After a brief hospitalisation, he died on 25 February. His ashes were buried in the family plot in Scotland.[14]
Books
- The Life of Politics, Methuen,
- The Kennedy Promise, Doubleday,
- The Spoiled Child of the Western World: The Miscarriage of the American Idea in Our Time, Doubleday,
- The Parties: Republicans and Democrats in This Century, St.
Martin's,
- The Seven Deadly Sins Today, New Republic Books,
- Bite the Hand That Feeds You: Essays and Provocations, edited by Jeremy McCarter, Yale University Press,
Notes
- ^McCarter, Jeremy, ed.
- George will on gay marriage
- George wills religion
- George will net worth
- ^McCarter, pp. 4–5.
- ^The Daily Telegraph (11 July ).George will biography jew It is an offense to the past, as well as to the present, to come down so clumsily on the experiment, the trial, the essay. But then there is another difficulty. Hence it tends to treat laissez-faire economic theory as a substitute for political philosophy, and to discount the importance of government. In the end, it is not only American conservatism Will puts into question, dissociating himself from much of what most people understand it to mean.
"Hilly Kilmarnock, Abu Daoud and Alf Carretta". The Times. Retrieved 3 January
- ^McCarter p. 5.
- ^Watkins, Alan ().
- The Forgotten Masterpieces of Henry Fairlie - The New Republic
- Bite the Hand That Feeds You: Essays and Provocations
- Henry Fairlie on George Will | The New Republic
- Ghost in The New Republic's archive - POLITICO
- ^Fairlie, Henry (23 September ). "Political Commentary". The Spectator. pp.5–7. Retrieved 22 June
- ^Fairlie, Henry.George will sexual assault Will's contempt for our culture, "high" or "popular," is evidence finally of an unexperiencing nature. As for the "transmission" of our cultural heritage, the great universities of Germany, Italy, and France did not produce a generation with enough understanding of, or care for, our culture to resist, for instance, its devastation by Hitler. Will's pretensions to a wider and deeper learning than is possessed by his audience, by other journalists, and by American conservatives in general who he mockingly suggests at one point appeal to Burke without having read the essay on The Sublime and Beautiful ; has he? His difficulty is with, well, America; and it is at this point that be most clearly resembles the Tory he claims to be.
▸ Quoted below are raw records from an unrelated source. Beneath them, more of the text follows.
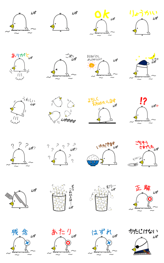 | スタンプ説明 | 『んぽのちょっとひとこと』の24個のスタンプ。日常生活で使えるスタンプです。 |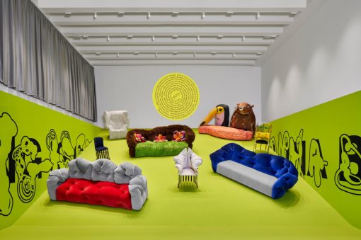 Italian furniture brand Meritalia is showcasing some of its most unique and artsy pieces created by long-time collaborator Gaetano Pesce. The exhibit is called “Everything…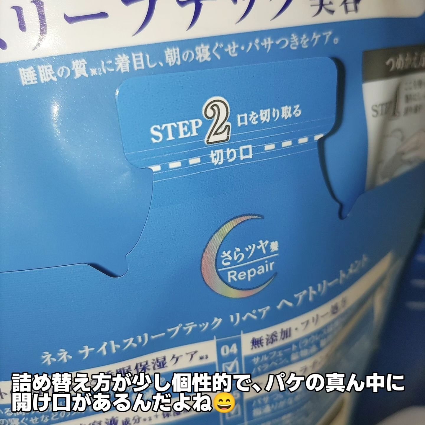 NeNeNightネネナイトスリープテックリペアシャンプー/トリートメント詰め替え各1100円(税込)リピート購入です(((o(*゚▽゚*)o)))案件で使用機会をいただいたのがきっかけで、好きになりました(๑♡∀♡๑)とても自分に合っています✨✨❤ネネナイトは、夜の摩擦ダメージ(睡眠中の枕等による髪ダメージ)と睡眠の質(睡眠環境)に着目したスリープテック睡眠美髪のナイトケアブランドです❤✨製品の90パーセント以上をナイト美容成分➕保湿成分で構成され、サルフェート・パラベン・鉱物油・動物実験フリー✨ナイトアロマの香りも癒されて好きです😘シャンプーがラベンダーアロマ、トリートメントがカモミールアロマの香り💜髪の摩擦ケアで、翌朝のまとまりも良くなるのでスタイリングがとても楽です😍サラツヤ髪になれてお気に入り😍桜バージョン?が販売されていたけどもう売ってないですね💦買っておけばよかったです😭ちなみに私の髪質はブリーチカラー繰り返しハイダメージ、細く柔らかい猫っ毛で癖毛です💦ブリーチのダメージで今は切れ毛もありますが、ネネナイトにしてからはダメージも最小限に感じます💫✨

"Evolution of a Term", The New Yorker, 19 October
- ^leader, Zachary, ed. () The Letters of Kingsley Amis. London: Miramax, pp. –7.
- ^"'Unpaid'" debts of journalist", The Times, 3 May , p. 2.
- ^"ITA to Pay Lady Antonia Fraser for Libel", The Times, 6 May , p.
- ^McCarter, p.
13
- ^McCarter, p.
- ^Fairlie, Henry. "The Importance of Bathtubs," The Washington Post, 22 January
- ^McCarter, pp. 33–4.
() Bite the Hand That Feeds You: Essays and Provocations by Henry Fairlie. New Haven: Yale University Press, pp. 3–4.
A Short Walk Down Fleet Street. London: Duckworth, p.